There is one more place where we can cut some corners: in the join
implementation. Mathematically join
should return the least upper bound, but in practice it’s fine if we return some upper bound. For example, join
does not produce Union
if none of the inputs are:
// If we annotate as List[Union[Int, Bool]] it typechecks,
// but without annotation the inferred type is List[Any].
let xs = [42, true];
This is partially laziness on my end, but also a matter of keeping the typechecker efficient, and keeping type errors tractable. If we inferred union types, type errors would quickly grow enormous.
Future work
Although the type system works well, it is not yet useful for large configurations in the real world. Three major features are needed for that:
- Record types. By now I don’t expect they are hard to implement (function types already carry named arguments, which are similar), I just need to sit down and do it.
- Type aliases. With record types, you don’t want to spell out the full type everywhere; you write it down once and then refer to it. I have a rough idea of what I want, but there are some unresolved questions. How should scoping work? The same as for expressions? Does that mean you can have local type definitions? Or should types only be allowed at the top level? Do they need to go before all expressions then, or can you mix let bindings and type definitions? Etc. I think this will be a matter of implementing something, getting a feel for it, and then iterating.
- Importing types across files. Because every RCL document contains a single expression, it is very clear what importing files means on the value level. For types, I don’t think it is feasible to limit them to one exported type per file. The main blocker here is coming up with a syntax that is both legible and not completely hideous.

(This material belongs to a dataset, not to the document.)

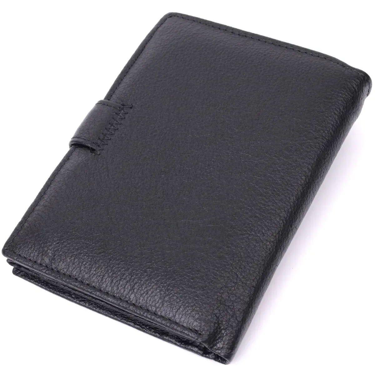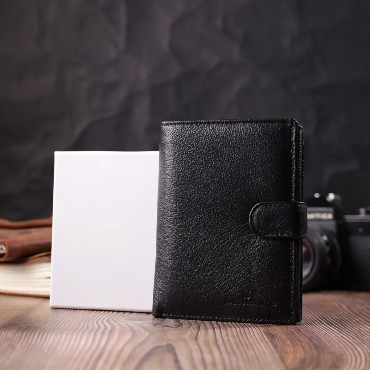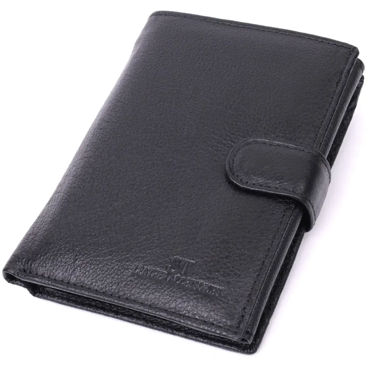 Місткий гаманець чоловічий з блоком під документи з натуральної шкіри ST Leather 22491 Чорний
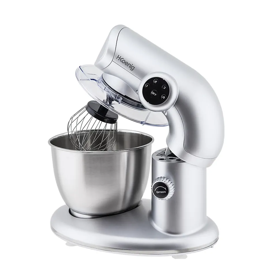 DESCRIPTION :Avec sa grande capacité de 5 litres soit 2 kg de pâte et sa puissance de 1000 watts, le robot pétrin KM80 vous permettra de réaliser vos préparations en toute simplicité.Efficace, l’appareil est doté de 4 vitesses pour s’adapter à tous vos besoins.Pratique et élégant, son design en inox avec sa tête inclinable facilite l’accès au bol mixeur. Le couvercle antiéclaboussures vous facilite le nettoyage.Pour plus de possibilités, le produit est fournis avec 3 accessoires (fouet, batteur et un crochet pétrin) pour préparer des centaines de recettes.Décuplez les fonctionnalités de votre produit en achetant ses accessoires optionnels AC8 qui se fixent sur le devant du bras.Adaptez-le au design de votre intérieur, il est disponible en trois couleurs: noir, rouge et gris.Réussissez toutes vos recettes avec le KM80 de H.Koenig!CARACTÉRISTIQUES :Grand récipient en acier inoxydable Capacité : 5,5 LJusqu’à 2 kg de pâteCouvercle anti éclaboussures4 vitessesDesign tête inclinable Accessoires : fouet, batteur, crochet pétrisseurPuissance : 1000 WProduit associé : AC8Trois couleurs disponibles : noir, rouge, gris

Aside from those, there are less important features that I want to add:
- String literal types, so you can use a union of string literals to model enums.
- Quantification and type variables, to be able to give a more accurate type to functions such as
filter
. Currently it is documented with a type variable, but in the implementation all type variables are justAny
, so the typechecker loses track of the list element type after passing throughfilter
.
Furthermore some parts are just not implemented, like method lookups. Fortunately the type system implementation is forgiving, and RCL is usable and useful right now without them.
Conclusion
RCL is a new configuration language that aims to reduce configuration boilerplate by extending json into a simple functional language that enables abstraction and reuse. I am adding support for type annotations and a typechecker to it, and in this post we looked at how that typechecker is implemented. We saw how the fused typecheck and inference, check_expr
, is the cornerstone of the typechecker, with is_subtype_of
implementing the generalized subtype check that defers some checks to runtime. On the more practical side, passing down an expected type enables localizing type errors accurately, and tracking the sources of types helps to explain type errors.
This post concludes my series about RCL’s type system. One of RCL’s goals is to be obvious and easy to use for people who have some background in mainstream languages like Python or TypeScript, but not necessarily typed functional programming. As such, the type system is relatively simple, and mostly putting together existing ideas. The main idea that I haven’t seen implemented elsewhere is the generalized subtype check. And to be fair, it is of limited use — the reason RCL can get away with it, is that runtime errors are static errors in a configuration language. I would love to hear from people more versed in the literature if something like this exists in other systems, and if there are common practices around it.
If this series got you interested in RCL, try RCL in your browser, and check out the type system documentation! I don’t recommend relying on RCL to generate production configuration yet: it is a hobby project without stability promise. However, I do use it almost daily as a jq
replacement, and the new map and filter methods in v0.4.0 make it even nicer for that, so give it a try!